The starting gun has been fired, the new GP contract has already been updated and there is at least a degree of agreement around the first service specifications. You’d be forgiven for thinking then that the Primary Care Network (PCN) show is already well on the road. But PCNs still face an identity crisis. Policymakers want them to simultaneously stabilise general practice and to transform it. Expecting both to be done at once is a massive ask.
In Feeling the strain, the Health Foundation analyses data from the 2019 Commonwealth Fund survey of GPs in 11 high-income countries. It doesn’t tell us how GPs feel about PCNs, but it does help us understand how GPs currently view their jobs. These roles are the foundations on which PCNs are being built.
Compared to GPs in nearly all the other countries surveyed, and just as in the 2015 survey, UK GPs report very high stress levels and low satisfaction with workload. Getting more doctors in to general practice and keeping the existing workforce remains the biggest challenge facing primary care.
Before 2015, this wasn’t an explicit policy goal, but between the 2015 and 2019 surveys, considerable effort has been made to try and address workload and retention. That GPs continue to report high stress and low satisfaction despite these efforts is worrying. Either the action taken has fallen short of what is required, or the wrong strategies are still being used.
Around 49% of UK GPs say that they plan to reduce their working hours in the next 3 years. That’s a real challenge for policymakers, especially as this was across all age groups. The new GP contract includes efforts to attract more trainees to general practice, to strengthen GP training and to incentivise partnership, but will only go so far if current GPs make good on their intentions to cut back.
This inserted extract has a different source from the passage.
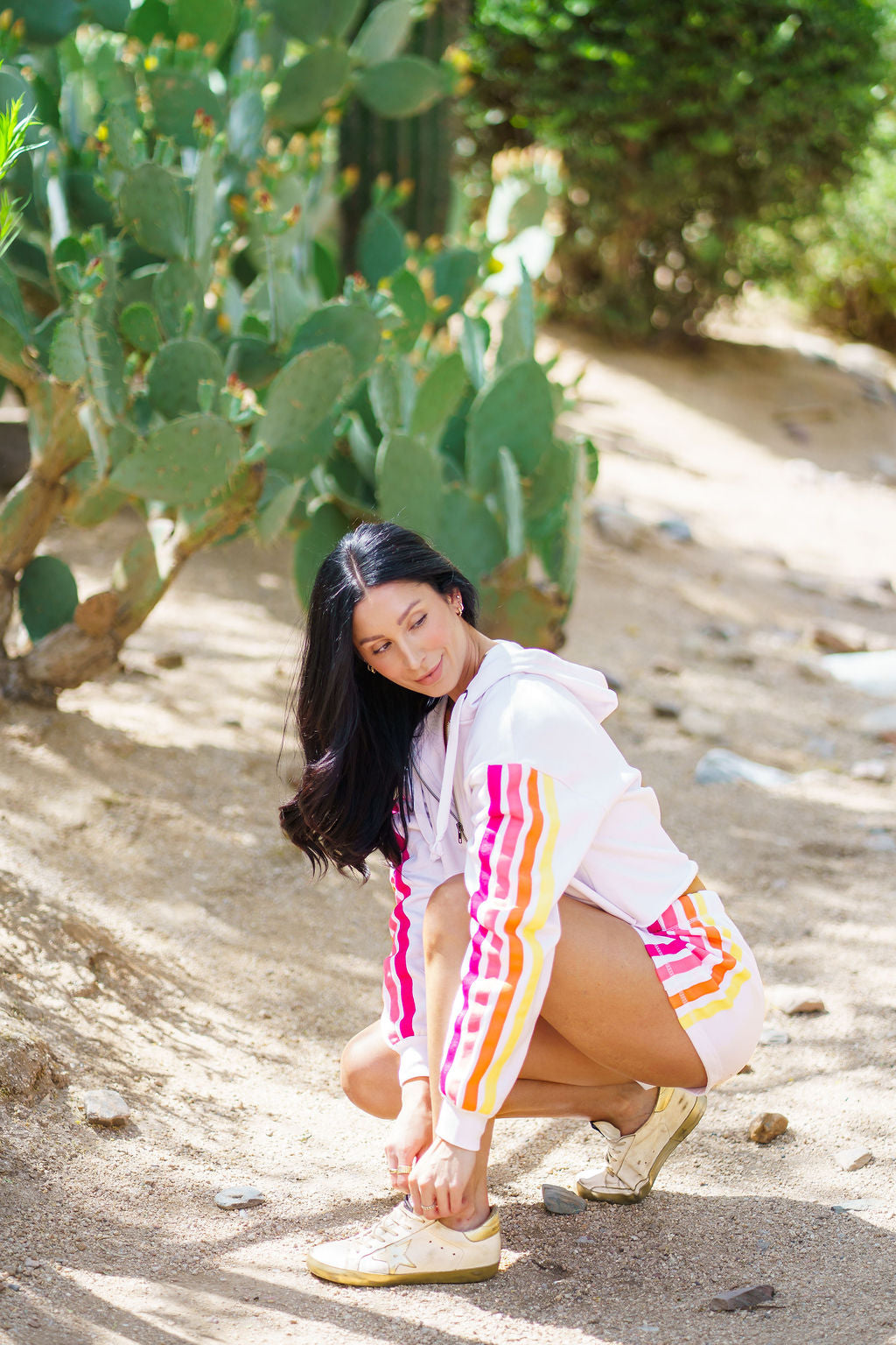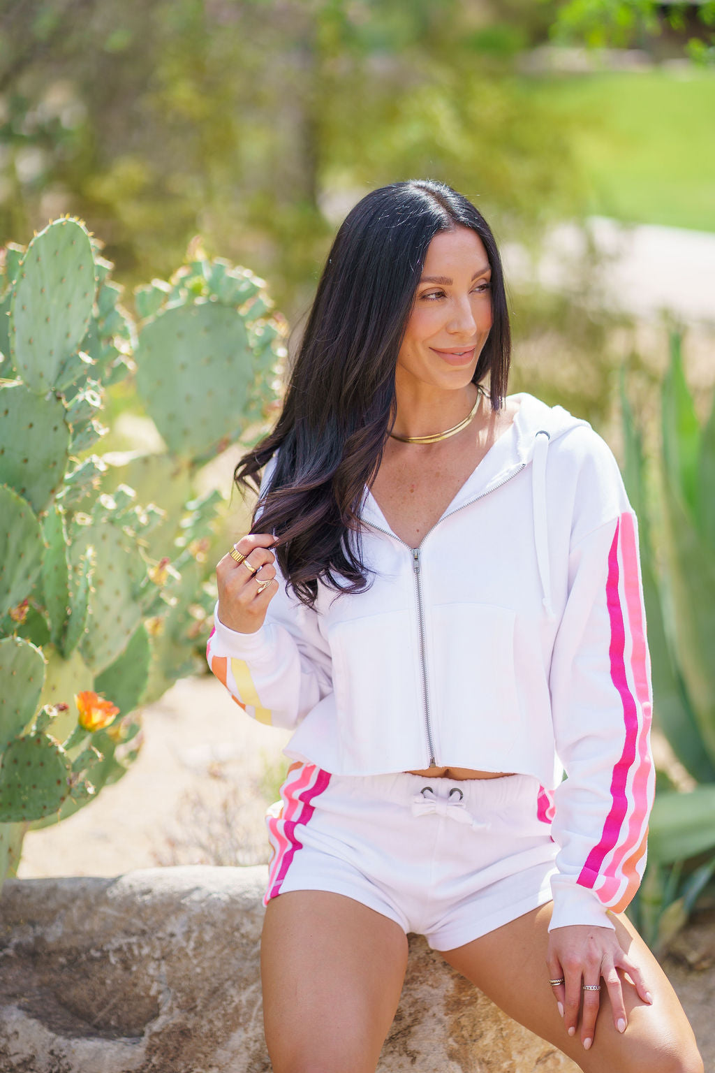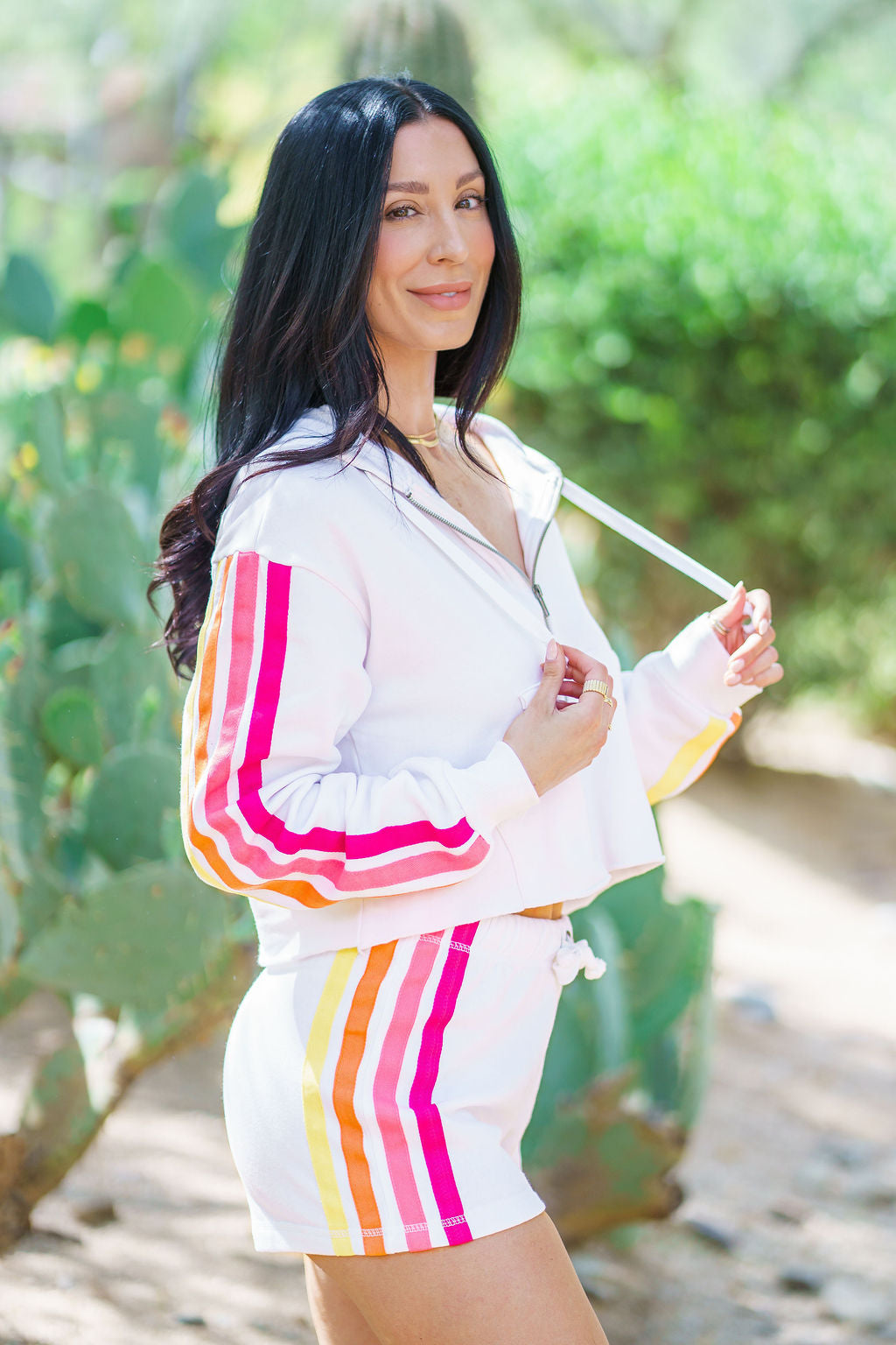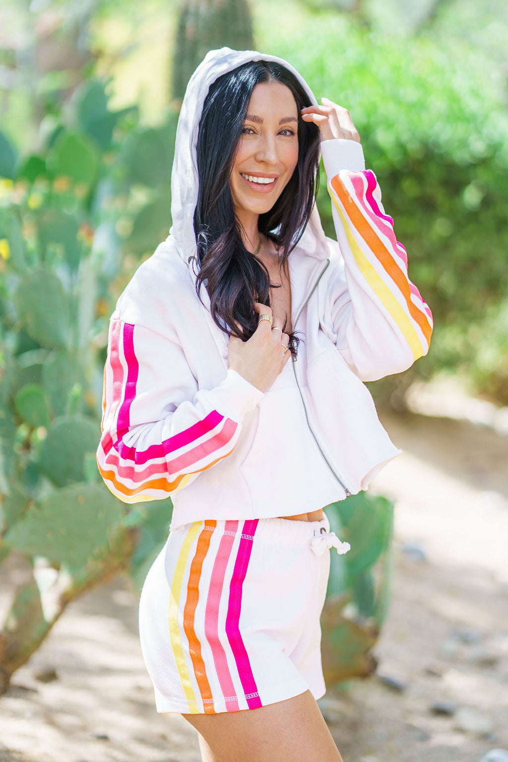 A fresh take on sporty style, this cropped zip hoodie is designed for effortless, everyday wear. Featuring bold colorblock stripe detailing and a flattering, relaxed fit, it’s the perfect lightweight layer for on-the-go moments.

This survey did not ask GPs what would keep them in practice, but it does give us some interesting leads. Only 5% of UK GPs are ‘extremely’ or ‘very’ satisfied with the amount of time they can spend with patients – significantly lower than in any other country. The RCGP has been very clear that it no longer considers 10-minute GP appointments to be fit for purpose. But as the demand for GP appointments continues to rise, enabling GPs to offer longer appointments is a challenge. Policymakers hope that additional new allied health professionals, working in PCNs, will free up GP time, but that’s by no means a given. For a start, we don’t actually know that all those staff will be recruited, let alone recruited in proportion to need. It’s also likely that their employment will uncover unmet need, so it’s not simply the case that having more staff in primary care equals more time for GPs.
It’s very clear that workload remains a big problem. Just 6% of UK GPs are ‘extremely’ or ‘very’ satisfied with their workload, and there is worrying evidence that attempts to manage it are falling short. Policymakers hoped that the wider adoption of telephone consulting and ‘digital-first’ options would reduce pressure on GPs, but the GPs surveyed report spending more time on all types of consultation. Generating extra work for GPs risks becoming an unintended consequence of efforts to improve access.
Continuing to duck the issue of pay risks overlooking an important topic for UK GPs, who report lower satisfaction with renumeration than any of their international counterparts. The 2004 GP contract, described by former Secretary of State for Health and Social Care Jeremy Hunt as a ‘historic mistake’, was initially lucrative for some GPs but there’s since been a decrease in GP income over the past decade. Fear of being perceived to give GPs a windfall of the sort that followed the 2004 contract has become a spectre haunting contract negotiations some 15 years on. Allowing it to linger may not be wise.
The survey does point to some promising building blocks for general practice in the UK, which leads the field in the use of electronic medical records and utilising data to review and improve care. Importantly, UK GPs are broadly supportive of ambitions to improve the integration of services.
So how do the survey results square with current attempts to reform primary care? Our findings add to alarm bells which should sound a note of realism for policymakers. Foundations must be shored up before the building can begin in earnest, and there’s a risk that the mandated pace of transformation undermines much needed stabilisation. PCNs – and reform efforts more widely – can succeed, but need adequate time and resource to stabilise general practice first.